From the line containing "Este simples e" to the final line of the material below, copy each line exactly, including both endpoints, and leave out all other lines.

[SUPPLIED MATERIAL — start]

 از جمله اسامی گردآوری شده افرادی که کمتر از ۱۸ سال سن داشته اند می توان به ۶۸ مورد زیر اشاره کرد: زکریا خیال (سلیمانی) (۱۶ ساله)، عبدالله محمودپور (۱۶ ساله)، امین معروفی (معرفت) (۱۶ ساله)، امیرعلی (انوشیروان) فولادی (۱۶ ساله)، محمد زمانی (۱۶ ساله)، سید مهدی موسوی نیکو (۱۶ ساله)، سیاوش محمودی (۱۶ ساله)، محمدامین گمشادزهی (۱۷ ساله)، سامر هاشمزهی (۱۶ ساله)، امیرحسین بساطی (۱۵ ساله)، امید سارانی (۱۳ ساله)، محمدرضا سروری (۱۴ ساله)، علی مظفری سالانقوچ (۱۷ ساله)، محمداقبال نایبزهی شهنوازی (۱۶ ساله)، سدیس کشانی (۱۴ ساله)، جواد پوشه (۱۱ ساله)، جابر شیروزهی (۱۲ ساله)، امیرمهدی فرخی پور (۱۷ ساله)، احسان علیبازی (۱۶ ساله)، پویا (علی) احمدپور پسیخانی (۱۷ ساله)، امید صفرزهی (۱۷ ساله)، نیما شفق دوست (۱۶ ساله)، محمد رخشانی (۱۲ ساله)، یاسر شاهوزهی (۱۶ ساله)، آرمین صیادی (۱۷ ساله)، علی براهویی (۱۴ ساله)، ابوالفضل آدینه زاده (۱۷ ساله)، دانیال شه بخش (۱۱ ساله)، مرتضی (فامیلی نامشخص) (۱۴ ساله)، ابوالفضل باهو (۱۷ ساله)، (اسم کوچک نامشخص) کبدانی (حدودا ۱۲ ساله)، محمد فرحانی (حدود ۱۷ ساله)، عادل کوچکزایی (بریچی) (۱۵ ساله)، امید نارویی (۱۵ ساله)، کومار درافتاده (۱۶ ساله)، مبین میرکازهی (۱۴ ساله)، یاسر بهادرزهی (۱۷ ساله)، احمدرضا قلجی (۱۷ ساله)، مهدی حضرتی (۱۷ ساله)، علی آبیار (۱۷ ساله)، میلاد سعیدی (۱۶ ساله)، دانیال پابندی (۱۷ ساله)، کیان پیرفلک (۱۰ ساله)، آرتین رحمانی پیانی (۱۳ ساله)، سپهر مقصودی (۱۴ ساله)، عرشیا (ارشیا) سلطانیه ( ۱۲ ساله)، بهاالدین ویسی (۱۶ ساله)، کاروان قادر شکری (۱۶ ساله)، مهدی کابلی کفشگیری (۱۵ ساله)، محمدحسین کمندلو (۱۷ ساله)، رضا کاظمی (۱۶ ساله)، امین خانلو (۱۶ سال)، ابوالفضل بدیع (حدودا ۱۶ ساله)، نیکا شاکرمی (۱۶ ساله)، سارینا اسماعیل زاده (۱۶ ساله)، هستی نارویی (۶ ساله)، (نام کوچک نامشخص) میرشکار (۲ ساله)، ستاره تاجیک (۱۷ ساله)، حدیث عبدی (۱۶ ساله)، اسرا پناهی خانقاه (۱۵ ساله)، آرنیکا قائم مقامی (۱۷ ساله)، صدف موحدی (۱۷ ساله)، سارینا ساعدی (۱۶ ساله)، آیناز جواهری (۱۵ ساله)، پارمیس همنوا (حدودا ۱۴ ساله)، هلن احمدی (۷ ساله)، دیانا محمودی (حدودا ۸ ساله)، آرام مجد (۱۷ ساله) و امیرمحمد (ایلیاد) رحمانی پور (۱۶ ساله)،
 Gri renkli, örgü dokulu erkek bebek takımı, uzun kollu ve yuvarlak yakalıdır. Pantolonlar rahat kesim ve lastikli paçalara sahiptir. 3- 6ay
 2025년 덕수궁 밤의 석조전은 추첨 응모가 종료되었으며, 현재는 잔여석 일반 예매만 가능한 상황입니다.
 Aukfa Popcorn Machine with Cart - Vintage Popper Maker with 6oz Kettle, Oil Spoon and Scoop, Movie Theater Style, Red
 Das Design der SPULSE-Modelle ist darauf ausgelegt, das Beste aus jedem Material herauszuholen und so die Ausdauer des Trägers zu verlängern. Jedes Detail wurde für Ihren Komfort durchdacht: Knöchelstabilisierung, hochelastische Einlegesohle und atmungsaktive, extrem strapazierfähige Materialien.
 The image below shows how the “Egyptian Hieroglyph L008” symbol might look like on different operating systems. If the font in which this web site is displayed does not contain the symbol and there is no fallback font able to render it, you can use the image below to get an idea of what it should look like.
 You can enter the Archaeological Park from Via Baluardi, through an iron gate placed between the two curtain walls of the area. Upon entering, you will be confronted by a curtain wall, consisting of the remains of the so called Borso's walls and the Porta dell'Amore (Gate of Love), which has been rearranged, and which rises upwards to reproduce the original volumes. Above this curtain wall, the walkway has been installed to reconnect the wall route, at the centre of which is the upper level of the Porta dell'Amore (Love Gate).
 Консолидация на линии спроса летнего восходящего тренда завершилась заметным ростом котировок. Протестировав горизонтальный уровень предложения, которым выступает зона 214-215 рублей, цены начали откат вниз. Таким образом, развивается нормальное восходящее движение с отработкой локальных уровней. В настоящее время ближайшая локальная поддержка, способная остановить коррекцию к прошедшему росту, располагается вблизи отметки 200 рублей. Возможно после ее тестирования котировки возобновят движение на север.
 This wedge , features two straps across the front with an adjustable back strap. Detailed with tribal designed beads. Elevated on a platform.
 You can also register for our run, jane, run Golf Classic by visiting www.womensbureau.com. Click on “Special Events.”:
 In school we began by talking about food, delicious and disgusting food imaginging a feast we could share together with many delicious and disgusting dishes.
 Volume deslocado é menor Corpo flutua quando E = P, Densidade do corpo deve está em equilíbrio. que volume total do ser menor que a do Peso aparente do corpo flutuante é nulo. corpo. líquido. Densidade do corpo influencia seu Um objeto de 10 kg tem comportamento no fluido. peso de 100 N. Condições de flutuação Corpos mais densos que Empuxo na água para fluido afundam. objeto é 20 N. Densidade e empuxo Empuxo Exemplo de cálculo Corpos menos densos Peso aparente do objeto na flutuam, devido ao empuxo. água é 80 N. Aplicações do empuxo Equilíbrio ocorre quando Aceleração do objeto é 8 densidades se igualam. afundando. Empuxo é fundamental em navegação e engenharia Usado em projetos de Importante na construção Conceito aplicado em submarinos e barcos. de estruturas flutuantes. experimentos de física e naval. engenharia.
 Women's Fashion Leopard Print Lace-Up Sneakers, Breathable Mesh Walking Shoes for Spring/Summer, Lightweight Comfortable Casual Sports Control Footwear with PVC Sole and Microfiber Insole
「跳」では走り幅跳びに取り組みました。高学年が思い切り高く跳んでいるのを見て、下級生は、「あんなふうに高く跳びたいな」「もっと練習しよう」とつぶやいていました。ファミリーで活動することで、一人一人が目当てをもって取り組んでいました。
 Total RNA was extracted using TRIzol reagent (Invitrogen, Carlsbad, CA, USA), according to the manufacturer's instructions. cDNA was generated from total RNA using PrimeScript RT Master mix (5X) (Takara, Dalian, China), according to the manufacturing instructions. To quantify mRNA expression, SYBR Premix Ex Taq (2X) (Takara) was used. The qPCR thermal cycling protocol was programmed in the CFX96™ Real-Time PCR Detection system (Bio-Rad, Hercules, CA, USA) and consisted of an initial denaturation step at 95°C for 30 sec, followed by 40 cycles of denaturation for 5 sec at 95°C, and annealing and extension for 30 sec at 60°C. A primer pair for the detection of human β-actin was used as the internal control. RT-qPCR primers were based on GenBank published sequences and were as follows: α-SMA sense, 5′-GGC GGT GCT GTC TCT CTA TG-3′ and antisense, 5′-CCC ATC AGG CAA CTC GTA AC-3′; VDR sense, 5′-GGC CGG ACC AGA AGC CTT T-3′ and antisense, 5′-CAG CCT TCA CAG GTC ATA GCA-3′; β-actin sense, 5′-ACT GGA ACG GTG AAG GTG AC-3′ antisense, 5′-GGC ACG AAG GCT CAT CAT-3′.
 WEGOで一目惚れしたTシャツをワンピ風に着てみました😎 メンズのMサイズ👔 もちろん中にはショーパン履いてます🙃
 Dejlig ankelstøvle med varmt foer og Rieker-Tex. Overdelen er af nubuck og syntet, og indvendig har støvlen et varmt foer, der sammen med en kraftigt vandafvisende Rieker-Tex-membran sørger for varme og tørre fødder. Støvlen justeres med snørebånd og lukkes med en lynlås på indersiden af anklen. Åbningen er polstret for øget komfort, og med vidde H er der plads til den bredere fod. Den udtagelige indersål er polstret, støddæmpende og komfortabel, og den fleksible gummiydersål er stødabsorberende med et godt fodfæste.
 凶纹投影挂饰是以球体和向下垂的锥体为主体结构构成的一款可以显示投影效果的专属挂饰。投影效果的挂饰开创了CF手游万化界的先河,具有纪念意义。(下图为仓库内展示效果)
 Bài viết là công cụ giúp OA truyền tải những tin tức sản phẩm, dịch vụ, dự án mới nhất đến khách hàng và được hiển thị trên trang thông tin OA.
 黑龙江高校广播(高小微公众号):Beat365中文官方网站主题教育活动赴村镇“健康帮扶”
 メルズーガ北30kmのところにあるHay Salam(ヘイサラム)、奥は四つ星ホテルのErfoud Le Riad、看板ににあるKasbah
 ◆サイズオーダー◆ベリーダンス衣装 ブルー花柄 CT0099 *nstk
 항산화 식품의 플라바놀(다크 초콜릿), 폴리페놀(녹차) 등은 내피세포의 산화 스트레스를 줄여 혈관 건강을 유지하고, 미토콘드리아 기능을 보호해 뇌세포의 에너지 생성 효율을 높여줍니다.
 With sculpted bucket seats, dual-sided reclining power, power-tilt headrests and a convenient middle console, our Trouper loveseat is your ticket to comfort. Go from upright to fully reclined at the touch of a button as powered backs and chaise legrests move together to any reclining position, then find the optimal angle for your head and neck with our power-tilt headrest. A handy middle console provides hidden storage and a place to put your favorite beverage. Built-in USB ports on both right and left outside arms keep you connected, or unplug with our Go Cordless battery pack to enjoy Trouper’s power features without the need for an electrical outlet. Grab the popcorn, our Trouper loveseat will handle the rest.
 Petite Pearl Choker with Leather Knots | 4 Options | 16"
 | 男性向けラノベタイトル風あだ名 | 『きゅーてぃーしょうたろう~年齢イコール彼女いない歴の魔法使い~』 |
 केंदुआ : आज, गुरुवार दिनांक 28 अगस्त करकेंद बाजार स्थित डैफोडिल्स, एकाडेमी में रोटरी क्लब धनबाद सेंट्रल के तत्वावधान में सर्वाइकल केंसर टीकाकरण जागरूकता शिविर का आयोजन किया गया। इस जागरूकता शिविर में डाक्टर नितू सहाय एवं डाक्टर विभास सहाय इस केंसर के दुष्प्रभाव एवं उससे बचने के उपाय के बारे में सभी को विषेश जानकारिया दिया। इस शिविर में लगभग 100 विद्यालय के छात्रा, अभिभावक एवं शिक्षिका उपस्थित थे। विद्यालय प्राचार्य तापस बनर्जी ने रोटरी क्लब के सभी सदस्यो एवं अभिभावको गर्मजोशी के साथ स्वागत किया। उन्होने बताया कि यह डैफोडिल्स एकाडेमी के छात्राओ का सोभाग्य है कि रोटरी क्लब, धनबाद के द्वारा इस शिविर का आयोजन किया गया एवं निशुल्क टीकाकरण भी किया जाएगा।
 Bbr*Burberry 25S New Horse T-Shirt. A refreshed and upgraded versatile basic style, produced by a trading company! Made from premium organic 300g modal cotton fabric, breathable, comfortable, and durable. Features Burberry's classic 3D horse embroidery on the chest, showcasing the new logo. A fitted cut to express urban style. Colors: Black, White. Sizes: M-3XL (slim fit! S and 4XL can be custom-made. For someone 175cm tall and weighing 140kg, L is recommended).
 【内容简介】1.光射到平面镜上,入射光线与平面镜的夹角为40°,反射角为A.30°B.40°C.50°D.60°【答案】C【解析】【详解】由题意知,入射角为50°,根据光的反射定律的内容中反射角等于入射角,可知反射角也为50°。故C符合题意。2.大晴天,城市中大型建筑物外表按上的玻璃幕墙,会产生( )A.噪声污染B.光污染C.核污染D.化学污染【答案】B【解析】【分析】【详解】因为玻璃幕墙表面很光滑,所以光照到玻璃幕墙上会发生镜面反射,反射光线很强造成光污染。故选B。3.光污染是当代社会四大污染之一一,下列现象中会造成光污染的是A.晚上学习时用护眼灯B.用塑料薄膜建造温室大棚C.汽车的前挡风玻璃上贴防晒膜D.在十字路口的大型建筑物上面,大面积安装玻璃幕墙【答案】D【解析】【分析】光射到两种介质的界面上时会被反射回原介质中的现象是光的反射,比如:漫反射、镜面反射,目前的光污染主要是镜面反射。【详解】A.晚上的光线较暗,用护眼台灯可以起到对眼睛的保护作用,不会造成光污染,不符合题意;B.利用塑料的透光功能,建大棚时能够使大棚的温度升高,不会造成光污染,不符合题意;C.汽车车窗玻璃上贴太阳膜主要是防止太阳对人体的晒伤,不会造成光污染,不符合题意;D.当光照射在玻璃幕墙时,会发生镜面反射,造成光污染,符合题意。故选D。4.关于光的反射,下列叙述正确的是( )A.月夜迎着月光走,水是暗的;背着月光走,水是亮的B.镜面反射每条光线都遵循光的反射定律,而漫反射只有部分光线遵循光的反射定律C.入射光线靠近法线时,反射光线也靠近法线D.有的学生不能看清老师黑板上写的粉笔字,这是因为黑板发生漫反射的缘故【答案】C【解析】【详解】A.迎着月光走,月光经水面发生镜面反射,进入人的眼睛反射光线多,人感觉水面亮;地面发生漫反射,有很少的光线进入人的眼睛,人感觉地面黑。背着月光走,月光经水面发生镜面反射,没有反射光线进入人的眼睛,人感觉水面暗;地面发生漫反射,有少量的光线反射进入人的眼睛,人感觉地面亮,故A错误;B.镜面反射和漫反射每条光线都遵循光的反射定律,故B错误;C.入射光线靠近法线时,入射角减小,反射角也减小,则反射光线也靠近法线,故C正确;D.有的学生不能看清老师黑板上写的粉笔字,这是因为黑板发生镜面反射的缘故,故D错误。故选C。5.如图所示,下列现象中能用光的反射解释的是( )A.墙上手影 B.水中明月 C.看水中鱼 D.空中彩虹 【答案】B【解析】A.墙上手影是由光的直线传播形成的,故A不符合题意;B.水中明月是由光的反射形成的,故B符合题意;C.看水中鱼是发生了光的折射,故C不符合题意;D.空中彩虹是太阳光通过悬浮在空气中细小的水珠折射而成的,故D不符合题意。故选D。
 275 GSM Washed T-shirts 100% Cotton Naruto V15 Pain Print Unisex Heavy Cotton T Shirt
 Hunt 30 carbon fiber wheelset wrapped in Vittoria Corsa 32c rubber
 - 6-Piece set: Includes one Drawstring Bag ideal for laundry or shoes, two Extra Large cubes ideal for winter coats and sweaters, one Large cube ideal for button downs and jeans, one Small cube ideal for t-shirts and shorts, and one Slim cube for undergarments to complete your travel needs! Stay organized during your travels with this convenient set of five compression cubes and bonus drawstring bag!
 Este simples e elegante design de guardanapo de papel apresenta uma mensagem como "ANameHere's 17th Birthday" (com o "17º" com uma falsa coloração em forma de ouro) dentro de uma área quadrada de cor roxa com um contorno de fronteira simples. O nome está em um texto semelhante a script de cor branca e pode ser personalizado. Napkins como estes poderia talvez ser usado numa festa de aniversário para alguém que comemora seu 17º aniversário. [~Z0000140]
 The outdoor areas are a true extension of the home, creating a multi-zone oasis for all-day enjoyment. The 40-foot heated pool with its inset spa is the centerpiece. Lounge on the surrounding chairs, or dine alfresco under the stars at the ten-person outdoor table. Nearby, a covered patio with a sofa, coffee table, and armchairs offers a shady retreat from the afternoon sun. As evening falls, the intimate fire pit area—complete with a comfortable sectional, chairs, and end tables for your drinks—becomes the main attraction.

[SUPPLIED MATERIAL — finish]

# [RESULT OF THE TASK]
 Este simples e elegante design de guardanapo de papel apresenta uma mensagem como "ANameHere's 17th Birthday" (com o "17º" com uma falsa coloração em forma de ouro) dentro de uma área quadrada de cor roxa com um contorno de fronteira simples. O nome está em um texto semelhante a script de cor branca e pode ser personalizado. Napkins como estes poderia talvez ser usado numa festa de aniversário para alguém que comemora seu 17º aniversário. [~Z0000140]
 The outdoor areas are a true extension of the home, creating a multi-zone oasis for all-day enjoyment. The 40-foot heated pool with its inset spa is the centerpiece. Lounge on the surrounding chairs, or dine alfresco under the stars at the ten-person outdoor table. Nearby, a covered patio with a sofa, coffee table, and armchairs offers a shady retreat from the afternoon sun. As evening falls, the intimate fire pit area—complete with a comfortable sectional, chairs, and end tables for your drinks—becomes the main attraction.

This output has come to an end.